Os bancos habilitados são: Banco do Brasil, Bancoob, Banrisul, Bradesco, Caixa Econômica Federal, HSBC, Itaú-Unibanco, Santander e Sicredi, informou o ministério. O processo ocorreu por meio de edital de credenciamento publicado em dezembro.

“O objetivo do governo com a medida é gerir, de forma adequada, um ativo financeiro importante que passa a ser rentável ao Estado brasileiro”, diz o ministério, em nota.

Como contrapartida financeira, os bancos pagarão ao governo federal 1,03% sobre o salário líquido de cada remuneração creditada. Esse valor não será descontado da remuneração dos correntistas. A estimativa é de uma arrecadação mensal de R$ 79 milhões e anual de R$ 949 milhões.

O mês de início do recolhimento é março e o valor será direcionado à Conta Única do Tesouro Nacional até o décimo dia útil, após a realização dos créditos nas contas-salário. Os contratos terão validade de 12 meses e poderão ser prorrogados até o limite de 60 meses.
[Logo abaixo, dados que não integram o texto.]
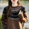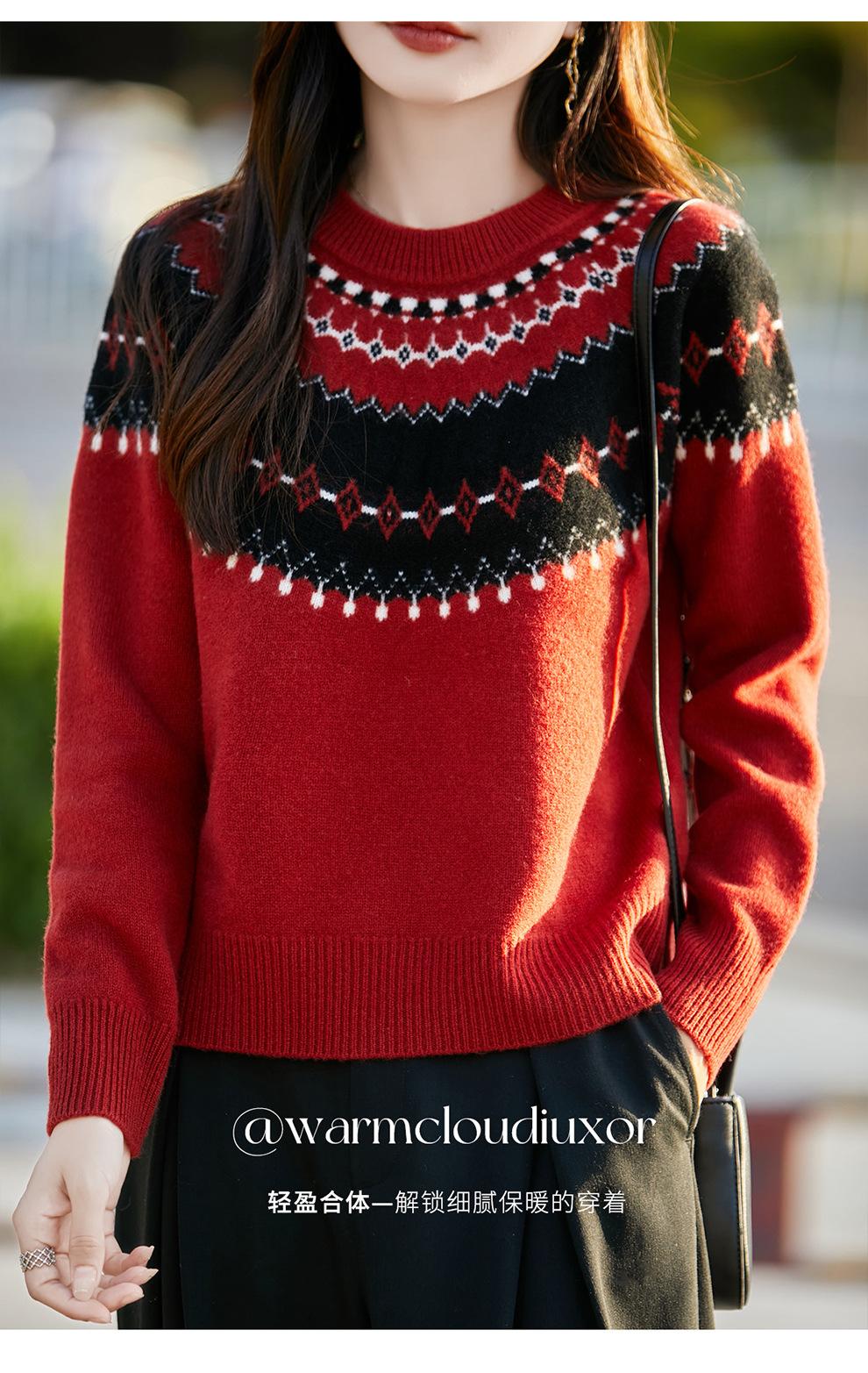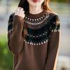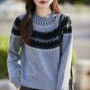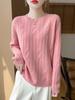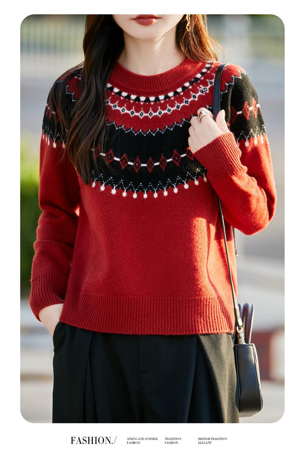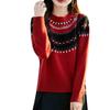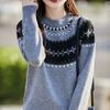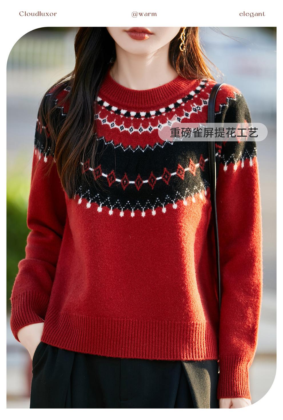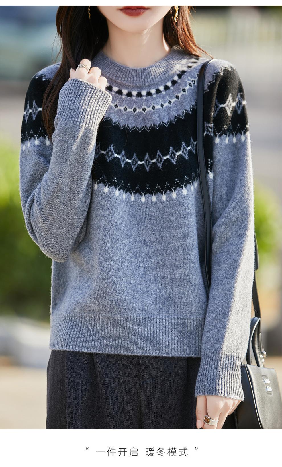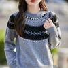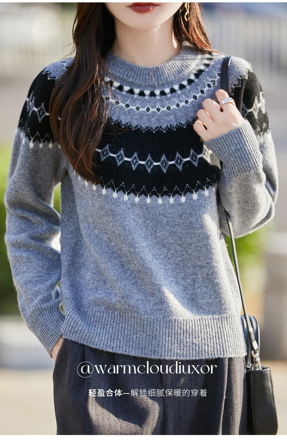 25 Otoño/Invierno Nuevo Estilo Lana Pura Cuello Redondo Suéter Tejido Manga Larga Mujer Jacquard Jersey Suave y Cálido Capa Base Top
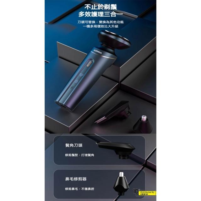 ibitsKONKA康佳 三刀頭刮鬍刀 三合一多功能 磁吸刀頭 USB充電 IPX6防水 KTXD-6014-T
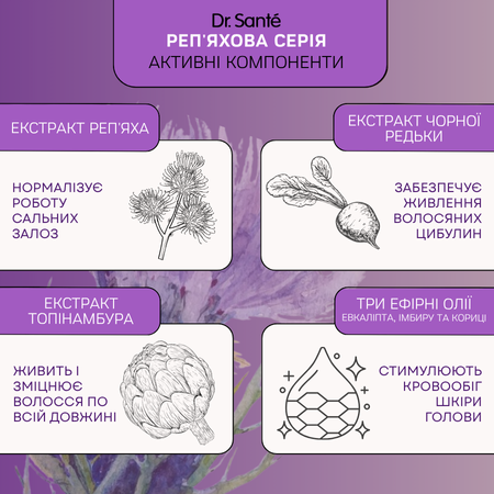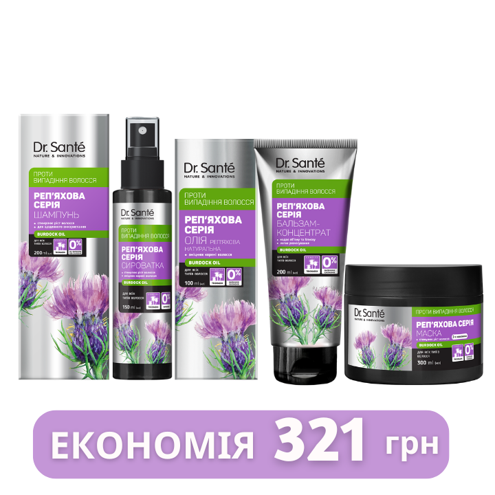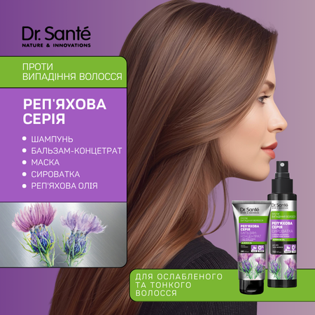 Набір Dr.Sante Реп’яхова серія проти випадіння волосся розроблений для зміцнення волосяних цибулин, стимуляції росту волосся та зменшення його випадіння. Завдяки комплексній дії натуральних екстрактів і активних компонентів засоби глибоко живлять, покращують мікроциркуляцію шкіри голови, стимулюють ріст нових волосків та зміцнюють структуру по всій довжині. Набір ідеально підходить для ослабленого, ламкого та тьмяного волосся.

Segundo o ministério, a medida alcança 1,358 milhão de correntistas. Para a maioria deles (1,353 milhão), não será necessário adotar qualquer providência adicional, caso queiram continuar recebendo seus salários nos bancos que atualmente os atendem.

Outros 5.495 assalariados, que hoje recebem por bancos não credenciados, terão que optar por uma das nove instituições bancárias habilitadas. Para esta operação, eles serão contatados e orientados por suas unidades de recursos humanos.

O ministério informou ainda que os trabalhadores que quiserem alterar a opção entre as nove instituições habilitadas a qualquer momento, devem entrar em contato com as suas unidades de recursos humanos para solicitar a mudança.